От него пахнет сандалом и дымом. Загрей задыхается, но кровавые воды Стикса почему-то не спешат поглотить его.
— Ты наблюдателен, Сын Аида, однако приписываешь мне слишком много человечных качеств, — говорит Хаос.
Он смотрит спокойно, но жажда на дне зрачков так глубока, что Загрею хочется отступить от него на шаг. Но рука слишком приятно ощущается на лице. Да и большой палец на губах не даёт сказать ни слова.
— Я не понимаю… твоих родственников, и их культа этого… напитка. И я не разделяю их взглядов. Но я действительно испытываю необъяснимое удовольствие каждый раз, принимая его от тебя, — как ребёнку, вкрадчиво и тихо объясняет Хаос. — Редко кто осмеливается оказывать мне знаки внимания.
Загрей не спорит. Не шевелится. Не дышит.
— И я… действительно испытываю радость. Каждый раз, когда вижу тебя здесь, — рука исчезает с подбородка, а Хаос снова в нескольких шагах от Загрея, сияющий лунным светом в темноте зала. Никта в детстве рассказывала о небесном серебре ночи, и сейчас… Загрей думает, что так оно, наверное, и выглядит.
Загрей думает, что умрет за Хаоса столько раз, сколько он бы ни попросил.

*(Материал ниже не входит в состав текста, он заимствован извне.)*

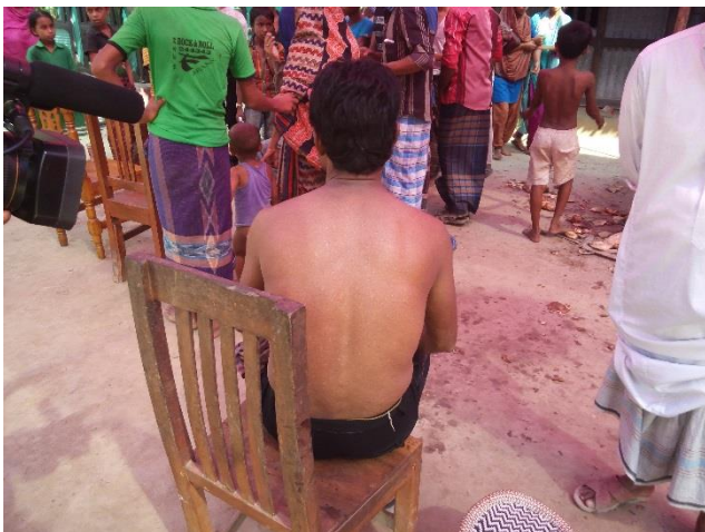
One of the arsenicosis patients. There were many black spots all around his body
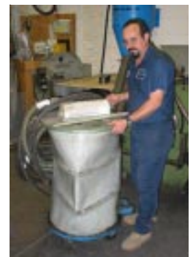
Make Sure your drum is at least 16 gauge
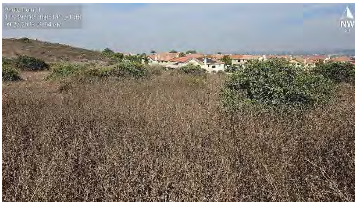
Photo 1.2: Photo point 1 on September 27, 2023. Nonnative species cover in Area 1 is estimated at 90%. Most nonnative species have senesced.
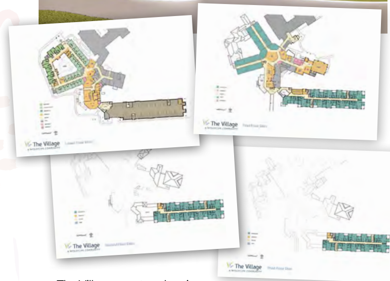
The Village master planning
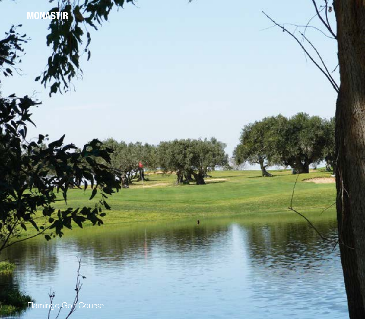
Flamingo Golf Course
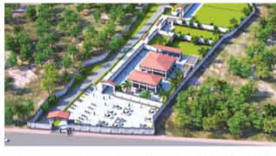
administration to relocate the facility in respect of the sentiments expressed by people.

The site earmarked for the construction of an all-faith environmentally friendly crematorium, burial ground-cemetery in the Navghar area of Bhayandar (east) is all set to be shifted after a massive public uproar by local residents opposing the facility amidst a densely populated residential locality.
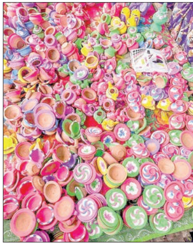
Festivalgoers examine traditional clayware, with some wearing 'Kyaukkhwet Pan' (flower crowns made of green twigs) in the background.

The festival has been organized annually since last year. Historically, it dates back to the reign of King Thibaw. During the Taungpyone Festival, boats travelled along the Shwetachaung Canal, stopping at Obo Ward near the base of Mandalay Hill, where pottery was temporarily sold. The Traditional Clayware Festival orig-
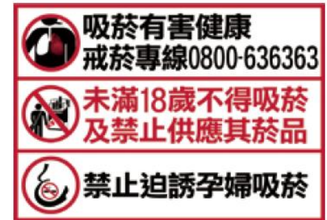
© Warning information at point of sale for tobacco product
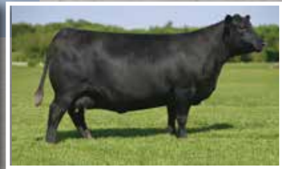
S A V Madam Pride 0151, Grand Dam

RED SIX MILE & CO Gloria 29A X RED U-2 Reckoning 149A
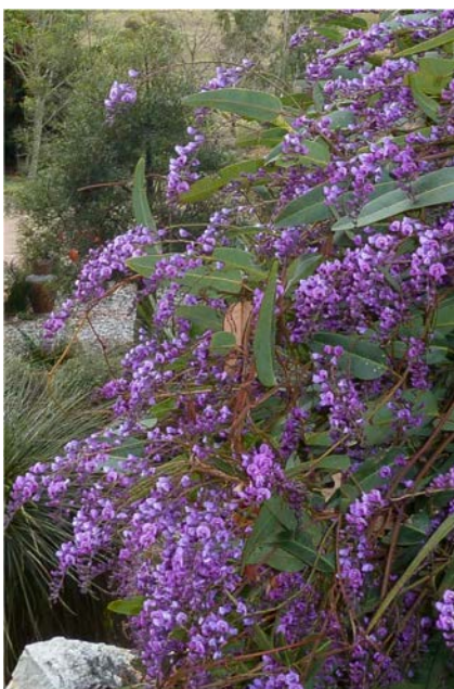
Hardenbergia violacea

Native violet - Viola hederacea : Ground cover. Very hardy. Useful as a spreading cover in wet areas or under trees.
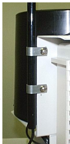
Anemometer clamped to back plate (unpainted clamps substituted for visibility)

Push the wind vane onto the top of the shaft and calibrate (see Calibrating the Anemometer p. 23 for calibration procedure).
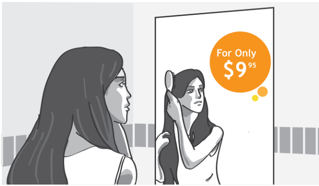
Figure 1. Novo Ad screenshot (sketch by David Ledo).

woman becomes the captive audience, as her primary task is to use the sink and mirror for grooming. The video ad, which starts on her approach, is the unsolicited system action. Other captive locations listed by Novo Ad include dressing rooms and elevators.
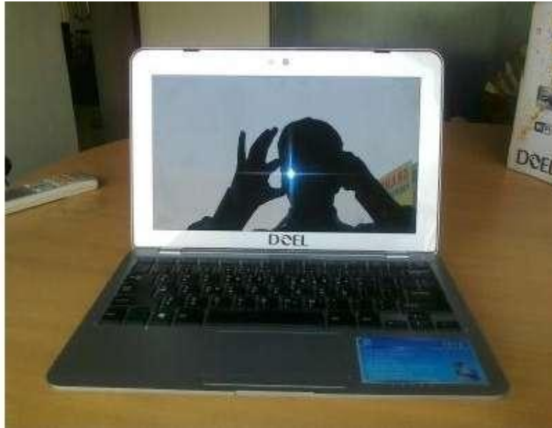
One of the DOEL laptops unveiled

Now, getting down to business. What is packed within these $130 DOEL laptops? According to a report on DotNews , four models of the DOEL laptops, namely - Model 2102, Model 0703, Model 2603 and Model 1612 have been launched.
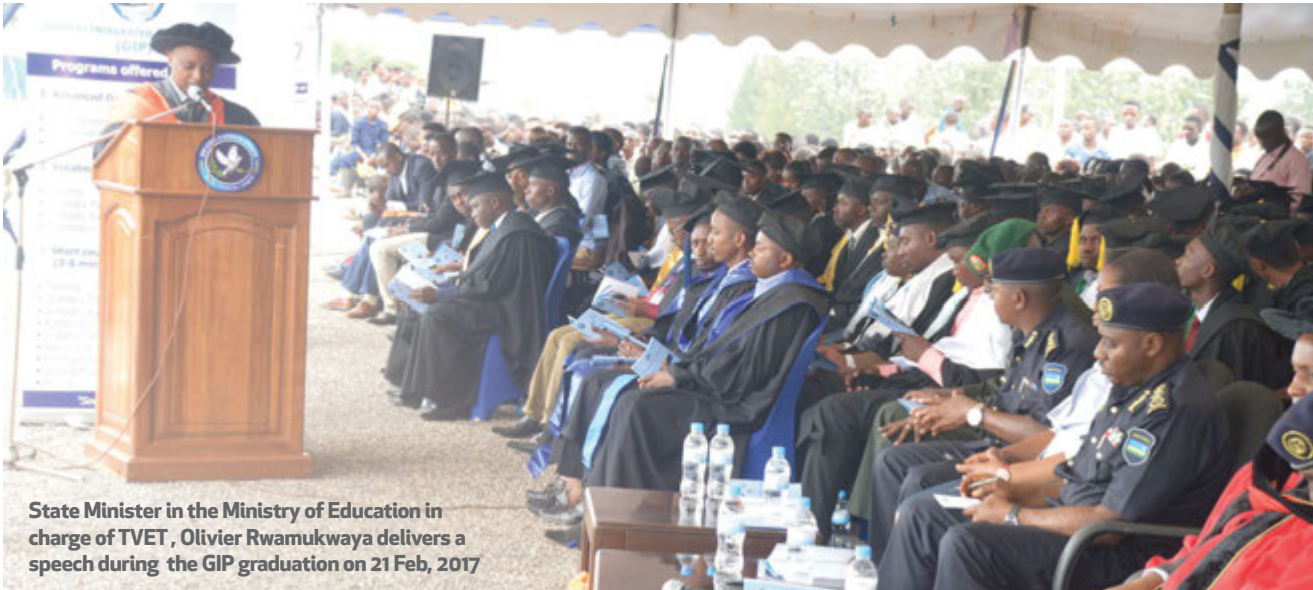
State Minister in the Ministry of Education in charge of TVET, Olivier Rwamukwaya delivers a speech during the GIP graduation on 21 Feb, 2017
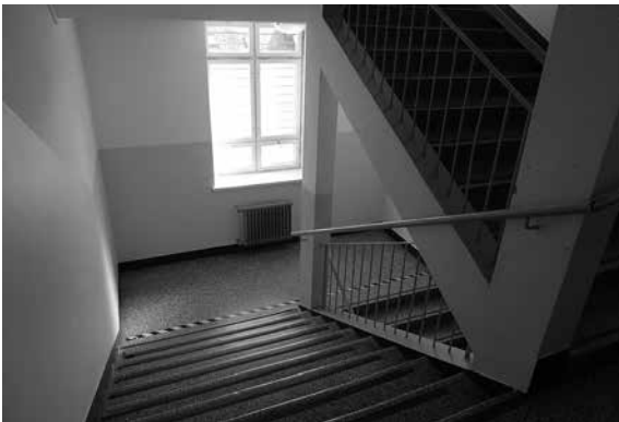
Staircase in Ljubljana Prison

Но Хаос, к сожалению, не просит.
— Выбирай дар.
— Спасибо, Властелин Хаос, — говорит Загрей, прежде чем покинуть зал.
И это юный принц ещё не знает, что, даже спустя годы в мире людей, он все равно будет смотреть на ночное небо и думать о том, что луна оказалась всего лишь жалким подобием. Кого или чего — признать себе он, возможно, однажды даже решится.